ESXi6.7u3 (iSCSI, RDM & remove datastore)

Post by **admin** » 12 Apr 2021, 14:17

3 days before license of ESXi7.0 expires, build a new USB (32GB) with ESXi6.7u3

I got lost.
Forgot to backup the old configuration, had to re-create all virtual networks again (5).
After rebuild of ESXi USB bootable device I am not able to reconnect to iSCSI datastore.
Last Saturday ESXi did connect and I saw the iSCSI LUN.
On Sunday even the iSCSI LUN wont work anymore.

Rescan on ESXi does nothing.
Changing CHAP settings for iSCSI says: Successfully changed, but noting is changed!

Errors on changing CHAP settings:

Code: Select all

Update Internet Scsi Authentication Properties Key
haTask-ha-host-vim.host.StorageSystem.updateInternetScsiAuthenticationProperties-2128410307

Description
Updates the authentication properties for an Internet SCSI host bus adapter

State
Failed - A general system error occurred: Errors

Not much more information.

Updated ESXi6.7u3 to latest level with patches.

After several tries, reset the iSCSI by command line:
https://www.reddit.com/r/sysadmin/comme ... _settings/

Make sure only use 1 of the 2 rules (!) uni or mutual CHAP.

Remount the found datastore:
https://serverfault.com/questions/59400 ... k-faillure

Code: Select all

esxcfg-volume -l
esxcfg-volume -m <datastorename>

DG.

Post by **admin** » 03 May 2021, 12:50

This did not work for the next reboot.
Had to manual add it again.

Also see that the iSCSI info is different from SSD info for VMFS:

iSCSI, type Unknown ? :

SSD:

There is no hardware change for both datastores.
As we running out of storage, we planning of making a new iSCSI, 2TB.
Move all from iSCSI 1TB to 2TB then delete iSCSI 1TB.

DG.

Post by **admin** » 04 May 2021, 12:49

Just before the last disk failure, I was thinking of increase iSCSI 1TB to 2TB.
Not sure if the VMFS datastore will / can understand that, so we have to do a test first.

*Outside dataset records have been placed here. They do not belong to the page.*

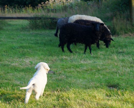 Ginger führte Leo zum Beispiel an den Schafen vorbei. Natürlich fand er sie höchst interessant, aber als Ginger weiter schlenderte, flitzte er ihr lieber hinterher als mit den großen Kumpeln allein zu sein.
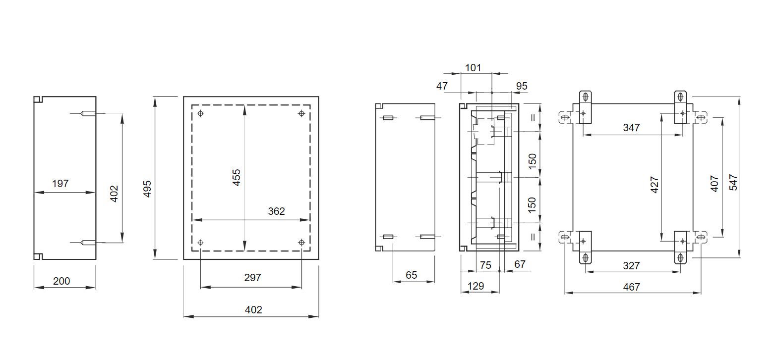 Quadro stagno in metallo con porta cieca munita di serratura. Dotato di tappi coprivite, perni filettati o squadrette reversibili con relativa viteria per il fissaggio di piastre di fondo o di montanti per apparecchiature modulari.
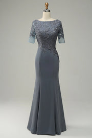 Scoop Neck Short Sleeve Mother of Bride Dress With Appliques
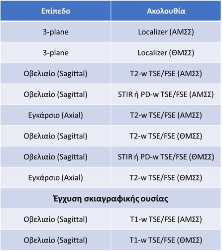 • Το πρωτόκολλο απεικόνισης μπορεί να διαφέρει ανάλογα με το κλινικό ερώτημα και την προτίμηση του κάθε τμήματος Μαγνητικής Τομογραφίας.
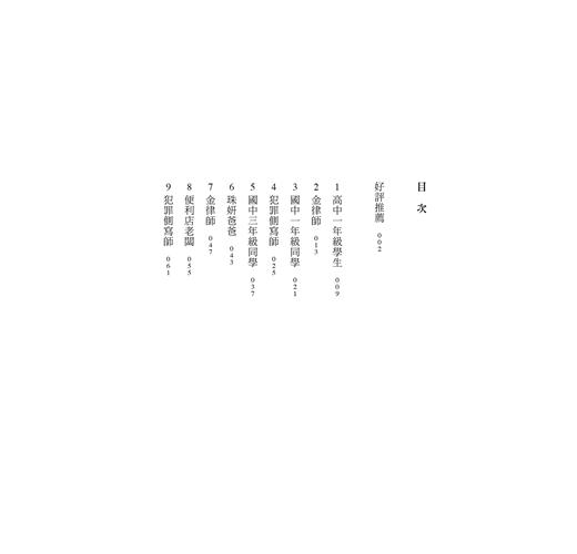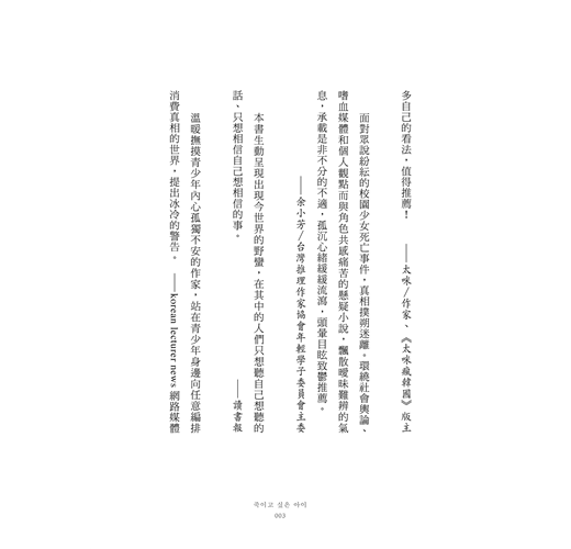 ※面對眾說紛紜的校園少女死亡事件,真相撲朔迷離。環繞社會輿論、嗜血媒體和個人觀點而與角色共感痛苦的懸疑小說,飄散曖昧難辨的氣息,承載是非不分的不適,孤沉心緒緩緩流瀉,頭暈目眩致鬱推薦。──余小芳\台灣推理作家協會年輕學子委員會主委

1 - Make 400GB iSCSI & mount to ESXi as datastore VMFS.
2 - Check if there are differences with the current one, which says 'Unknown' as type ? :

If there is no difference, it should be ok.
Could be due to 8MB blocksize instead of 1MB for datastores on SSD's.

3 - Put data (or better, a VM) on datastore.
4 - Now expand the iSCSI (most probably not if connected, so the VM's on that datastore should all be OFF.)
5 - Mount the expanded datastore to ESXi, and test if the VM's still their and working.
6 - Must the datastore being expanded before use of new capacity, due to VMFS format?
7 - Check if VM's still work after expansion.

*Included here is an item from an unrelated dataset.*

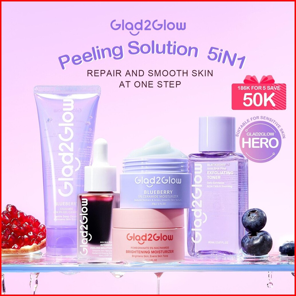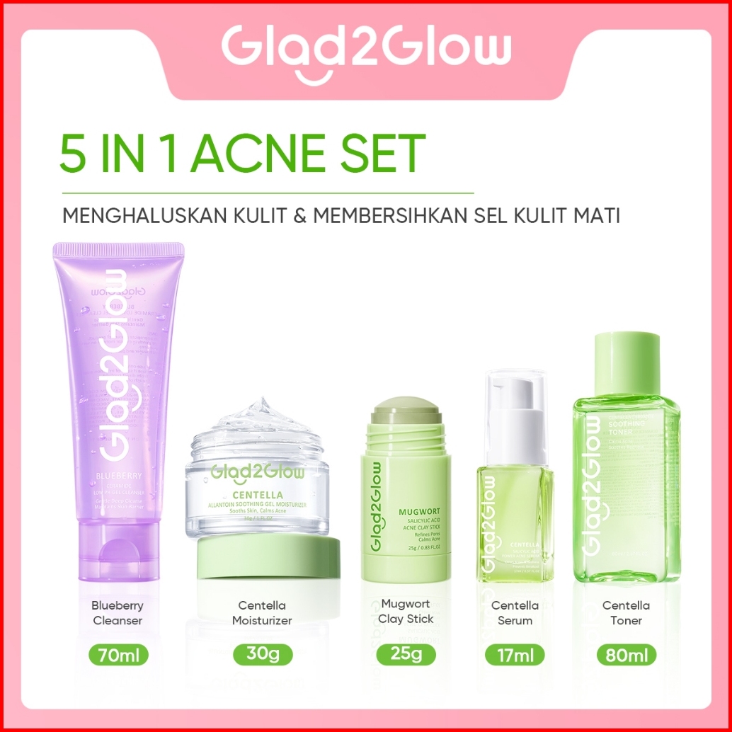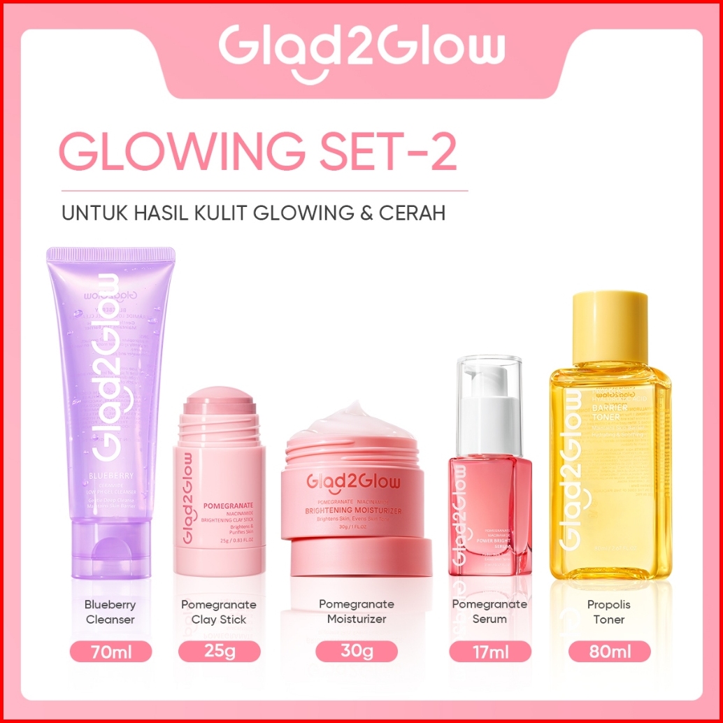 Glad2glow Paket 5pcs Set With Brightening Cleanser Clay Stick Toner Serum Moisturizer Serum Wajah Pelembab Wajah
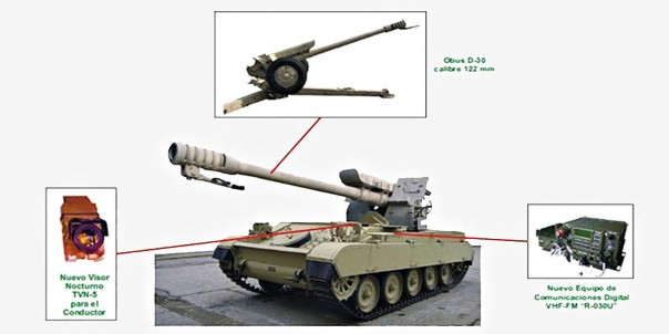 Перу в деле подобного САУ-строения далеко не первопроходец. История присобачивания буксируемых гаубиц Д-30 на танки началась на Ближнем Востоке. К 70-м годам в египетской армии ещё осталось достаточное количество танков Т-34, присланных «большим советским другом», но безнадёжно устаревших. Являться на дуэль даже с израильскими «супершерманами» со 105-мм пушками с калибром 85 мм было уже как-то некомильфо.

If all works fine, we could delete this test datastore iSCSI and perform expansion of the current iSCSI datastore.

DG.

Post by **admin** » 04 May 2021, 12:50

(1) The new created datastore has VMFS as type, and not Unknown, as the older iSCSI device.

(2) Found a difference, the old iSCSI is mbr formatted, this new one gpt

Also the block-size difference most probably according these settings.

So we continue our test, to see if this new DS can be used & expanded, without loosing the VM's.

(3) Moved a VM to new DS and testing the Windows8 x64 machine (with vSphere Client & VM Converter).
Graph shows the VM moved (from iSCSI to iSCSI, 20MB/s). Not as fas as I hoped, but could be due to remotely working.
And afterwards starting -after several years- so updates were awaiting.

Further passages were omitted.